• **EXERCISE DESCRIPTION**:
Look for the line that has "Collana vintage con" in the material below; please repeat it and every line after it, exactly, up to and including the line that has "Your delicious Chogye", and nothing else.

::::::::::

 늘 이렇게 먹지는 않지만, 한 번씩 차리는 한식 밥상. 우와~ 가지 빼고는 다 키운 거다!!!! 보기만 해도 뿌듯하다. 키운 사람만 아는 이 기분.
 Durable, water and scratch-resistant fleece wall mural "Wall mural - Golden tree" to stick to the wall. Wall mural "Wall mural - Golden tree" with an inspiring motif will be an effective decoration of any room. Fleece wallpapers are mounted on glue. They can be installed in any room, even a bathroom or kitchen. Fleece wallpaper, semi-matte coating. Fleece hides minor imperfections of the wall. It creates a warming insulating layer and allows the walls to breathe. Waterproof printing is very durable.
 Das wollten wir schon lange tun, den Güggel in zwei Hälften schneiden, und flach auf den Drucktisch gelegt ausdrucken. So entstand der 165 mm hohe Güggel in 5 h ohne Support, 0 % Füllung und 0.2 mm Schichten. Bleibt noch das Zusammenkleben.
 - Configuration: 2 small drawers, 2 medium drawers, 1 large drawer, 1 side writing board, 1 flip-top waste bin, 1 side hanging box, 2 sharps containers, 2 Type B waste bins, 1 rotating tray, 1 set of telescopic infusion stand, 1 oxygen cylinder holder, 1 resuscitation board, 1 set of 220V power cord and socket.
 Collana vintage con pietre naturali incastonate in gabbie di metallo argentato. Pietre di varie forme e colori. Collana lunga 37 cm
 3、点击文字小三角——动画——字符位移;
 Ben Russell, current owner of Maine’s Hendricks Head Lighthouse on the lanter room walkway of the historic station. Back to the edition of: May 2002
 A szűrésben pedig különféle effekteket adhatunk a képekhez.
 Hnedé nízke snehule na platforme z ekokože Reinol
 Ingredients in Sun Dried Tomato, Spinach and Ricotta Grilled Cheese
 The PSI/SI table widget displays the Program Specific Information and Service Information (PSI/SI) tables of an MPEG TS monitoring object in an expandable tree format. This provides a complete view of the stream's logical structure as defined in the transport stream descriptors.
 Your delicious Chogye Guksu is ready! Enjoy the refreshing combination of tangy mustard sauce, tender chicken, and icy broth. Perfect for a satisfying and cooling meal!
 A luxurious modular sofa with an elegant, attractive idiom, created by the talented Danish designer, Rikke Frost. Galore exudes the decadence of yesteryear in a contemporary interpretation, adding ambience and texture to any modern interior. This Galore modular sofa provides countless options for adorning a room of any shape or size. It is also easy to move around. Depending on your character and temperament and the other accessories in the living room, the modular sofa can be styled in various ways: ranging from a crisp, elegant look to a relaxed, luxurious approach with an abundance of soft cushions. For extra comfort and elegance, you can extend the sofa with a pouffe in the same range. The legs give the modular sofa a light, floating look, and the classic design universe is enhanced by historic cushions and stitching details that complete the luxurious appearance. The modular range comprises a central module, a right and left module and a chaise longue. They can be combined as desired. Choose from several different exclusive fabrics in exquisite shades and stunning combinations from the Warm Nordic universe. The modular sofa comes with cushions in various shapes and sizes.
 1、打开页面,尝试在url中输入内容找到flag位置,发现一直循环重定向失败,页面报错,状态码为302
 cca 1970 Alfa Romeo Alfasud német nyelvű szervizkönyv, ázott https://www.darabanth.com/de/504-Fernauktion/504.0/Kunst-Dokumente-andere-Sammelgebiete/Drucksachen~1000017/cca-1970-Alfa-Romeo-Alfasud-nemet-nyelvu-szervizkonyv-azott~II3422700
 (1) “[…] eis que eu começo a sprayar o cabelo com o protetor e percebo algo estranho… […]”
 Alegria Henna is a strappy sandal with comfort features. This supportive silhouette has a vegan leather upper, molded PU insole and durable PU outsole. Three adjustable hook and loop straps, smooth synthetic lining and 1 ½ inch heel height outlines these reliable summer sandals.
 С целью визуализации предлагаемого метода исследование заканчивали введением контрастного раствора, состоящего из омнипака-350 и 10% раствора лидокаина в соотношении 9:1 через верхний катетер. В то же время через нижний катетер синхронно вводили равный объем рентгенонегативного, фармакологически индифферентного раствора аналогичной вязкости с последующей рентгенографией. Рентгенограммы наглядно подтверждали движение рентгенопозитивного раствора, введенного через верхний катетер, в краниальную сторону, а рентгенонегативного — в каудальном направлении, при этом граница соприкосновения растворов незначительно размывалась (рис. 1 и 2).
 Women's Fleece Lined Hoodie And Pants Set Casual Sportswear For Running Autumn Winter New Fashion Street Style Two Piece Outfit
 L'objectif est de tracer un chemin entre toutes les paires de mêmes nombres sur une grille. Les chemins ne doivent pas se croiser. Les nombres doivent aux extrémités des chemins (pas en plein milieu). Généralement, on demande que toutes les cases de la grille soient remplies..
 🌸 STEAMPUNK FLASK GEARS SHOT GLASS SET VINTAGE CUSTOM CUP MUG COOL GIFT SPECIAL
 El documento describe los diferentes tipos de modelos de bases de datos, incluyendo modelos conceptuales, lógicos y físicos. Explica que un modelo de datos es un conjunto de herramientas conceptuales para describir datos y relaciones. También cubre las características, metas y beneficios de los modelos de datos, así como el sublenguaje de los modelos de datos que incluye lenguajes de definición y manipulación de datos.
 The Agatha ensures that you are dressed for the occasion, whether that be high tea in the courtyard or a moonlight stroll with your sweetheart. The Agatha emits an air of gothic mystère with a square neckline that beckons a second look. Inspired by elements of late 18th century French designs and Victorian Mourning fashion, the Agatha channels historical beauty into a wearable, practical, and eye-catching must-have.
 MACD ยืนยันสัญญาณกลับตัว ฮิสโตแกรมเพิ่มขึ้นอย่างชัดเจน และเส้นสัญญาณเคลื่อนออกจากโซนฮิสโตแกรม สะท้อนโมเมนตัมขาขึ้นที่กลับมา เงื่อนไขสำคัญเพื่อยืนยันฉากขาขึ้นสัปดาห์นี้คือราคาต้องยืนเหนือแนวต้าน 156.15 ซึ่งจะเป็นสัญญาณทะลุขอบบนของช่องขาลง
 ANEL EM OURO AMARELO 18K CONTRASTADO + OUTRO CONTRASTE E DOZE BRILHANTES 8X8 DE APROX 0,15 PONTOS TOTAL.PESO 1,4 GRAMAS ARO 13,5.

::::::::::

• **EXERCISE RESULT**:
 Collana vintage con pietre naturali incastonate in gabbie di metallo argentato. Pietre di varie forme e colori. Collana lunga 37 cm
 3、点击文字小三角——动画——字符位移;
 Ben Russell, current owner of Maine’s Hendricks Head Lighthouse on the lanter room walkway of the historic station. Back to the edition of: May 2002
 A szűrésben pedig különféle effekteket adhatunk a képekhez.
 Hnedé nízke snehule na platforme z ekokože Reinol
 Ingredients in Sun Dried Tomato, Spinach and Ricotta Grilled Cheese
 The PSI/SI table widget displays the Program Specific Information and Service Information (PSI/SI) tables of an MPEG TS monitoring object in an expandable tree format. This provides a complete view of the stream's logical structure as defined in the transport stream descriptors.
 Your delicious Chogye Guksu is ready! Enjoy the refreshing combination of tangy mustard sauce, tender chicken, and icy broth. Perfect for a satisfying and cooling meal!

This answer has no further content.